# What you are asked to do
From the first line to the last, set down the material exactly, leaving out its pictures.

# Data excerpt
- - -

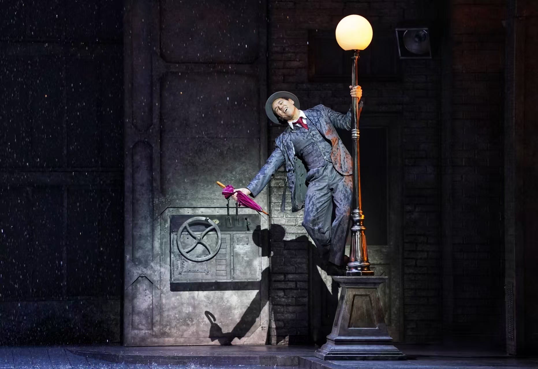 伦敦西区音乐剧《雨中曲》自2012年世界首演以来,一直都被观众票选为最受欢迎的电影音乐剧,它还原了同名电影中的经典唱段,同时保留标志性的霓虹灯、绚丽的色彩、复古的服饰等视觉符号,融合现代化的灯光机械,打造了相当震撼的舞台场面,比如,在表现下雨场景时,6吨恒温真雨从半空中倾洒而下,随演员载歌载舞时溅起晶莹水花,呈现效果逼真而惊艳。
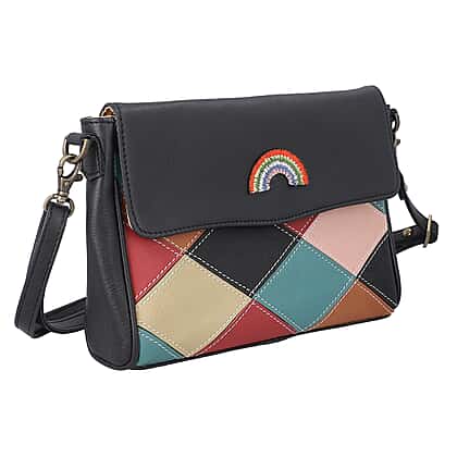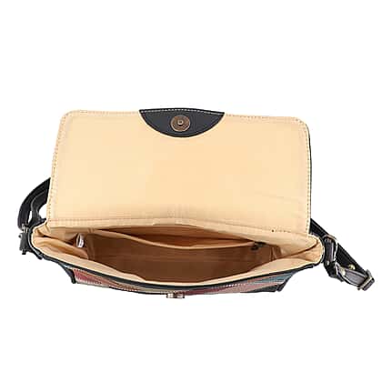 100% Genuine Leather Crossbody Bag with Flap (Size 23x5x18cm) - Black and Multi Colour
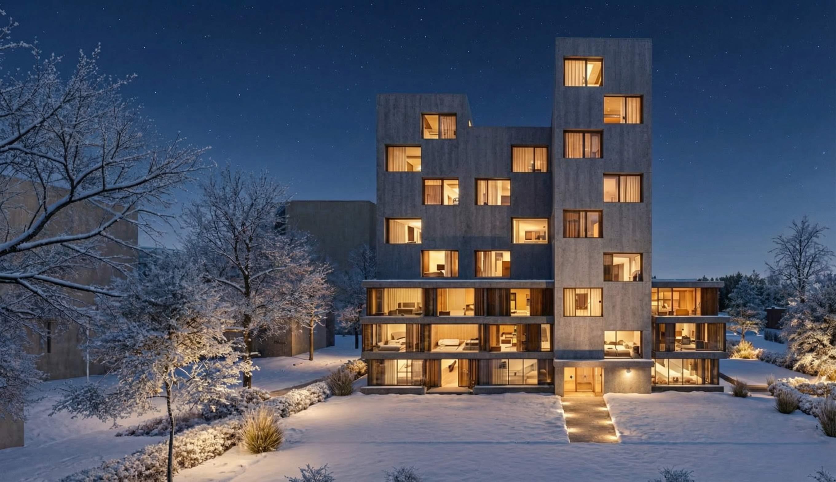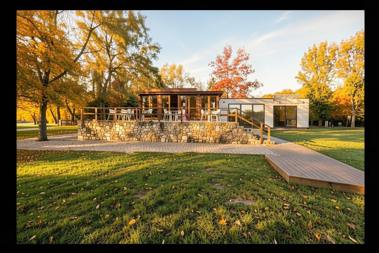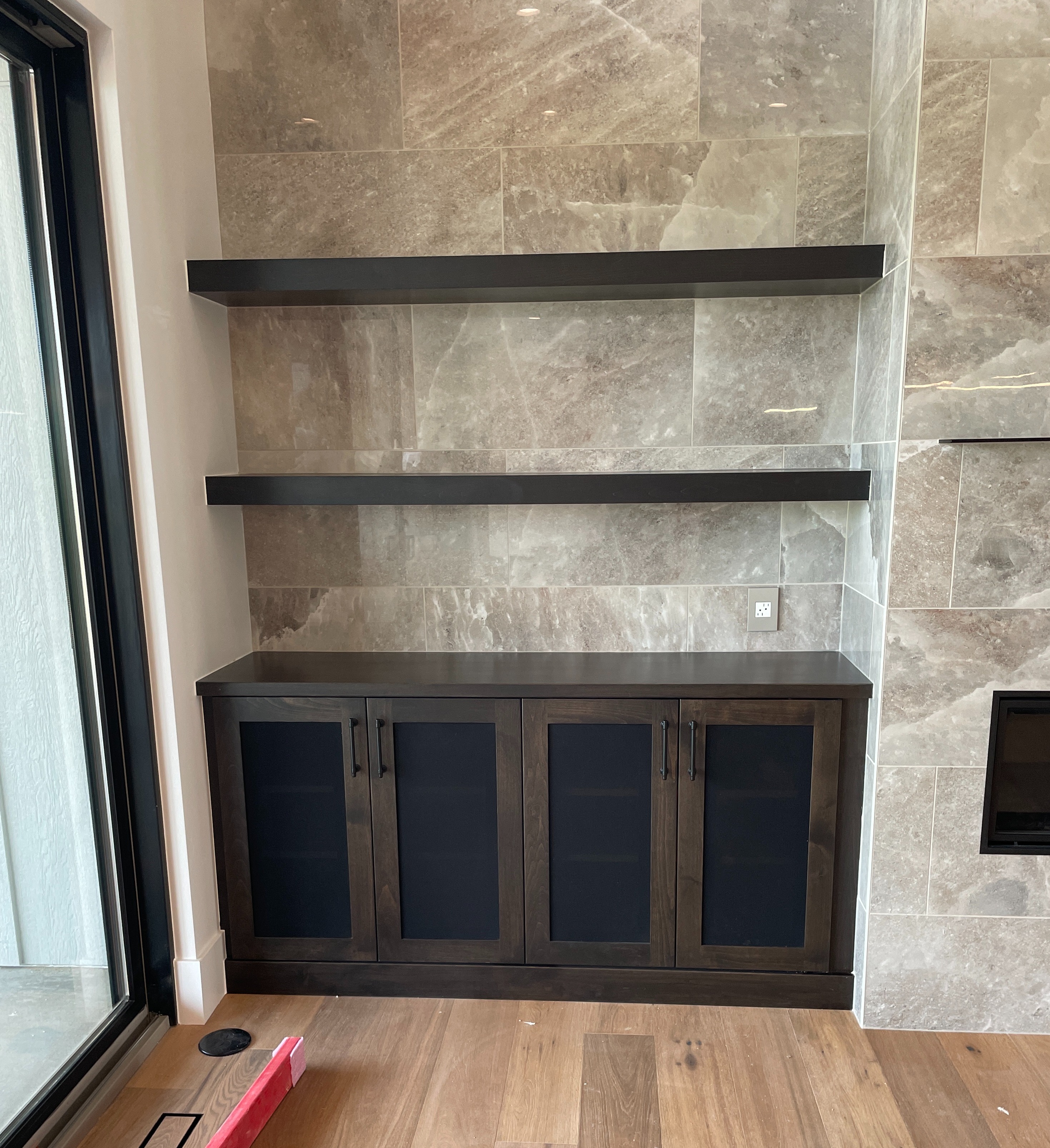 do not change the cabinets in any way preserve the exact cabinet colors materials finishes dimensions door and drawer styles hardware spacing alignment and all geometry exactly as shown do not alter the countertop shape backsplash appliances flooring lighting fixtures or wall structure only remove the construction materials clutter and mess from the scene clean the room and make it look finished and staged add a few simple tasteful home accessories appropriate for the style of the space but do not add or remove any furniture windows or architectural elements maintain the original lighting direction and realism enhance clarity and polish the photo while keeping the cabinetry and room design completely unchanged do not alter the lighting to keep the cabinet colors as they are in the image add carpet stage all of the floating shelves and top with modern minimalistic decore add a simple view out the patio door

- - -

# Answer space
 伦敦西区音乐剧《雨中曲》自2012年世界首演以来,一直都被观众票选为最受欢迎的电影音乐剧,它还原了同名电影中的经典唱段,同时保留标志性的霓虹灯、绚丽的色彩、复古的服饰等视觉符号,融合现代化的灯光机械,打造了相当震撼的舞台场面,比如,在表现下雨场景时,6吨恒温真雨从半空中倾洒而下,随演员载歌载舞时溅起晶莹水花,呈现效果逼真而惊艳。
 100% Genuine Leather Crossbody Bag with Flap (Size 23x5x18cm) - Black and Multi Colour
 do not change the cabinets in any way preserve the exact cabinet colors materials finishes dimensions door and drawer styles hardware spacing alignment and all geometry exactly as shown do not alter the countertop shape backsplash appliances flooring lighting fixtures or wall structure only remove the construction materials clutter and mess from the scene clean the room and make it look finished and staged add a few simple tasteful home accessories appropriate for the style of the space but do not add or remove any furniture windows or architectural elements maintain the original lighting direction and realism enhance clarity and polish the photo while keeping the cabinetry and room design completely unchanged do not alter the lighting to keep the cabinet colors as they are in the image add carpet stage all of the floating shelves and top with modern minimalistic decore add a simple view out the patio door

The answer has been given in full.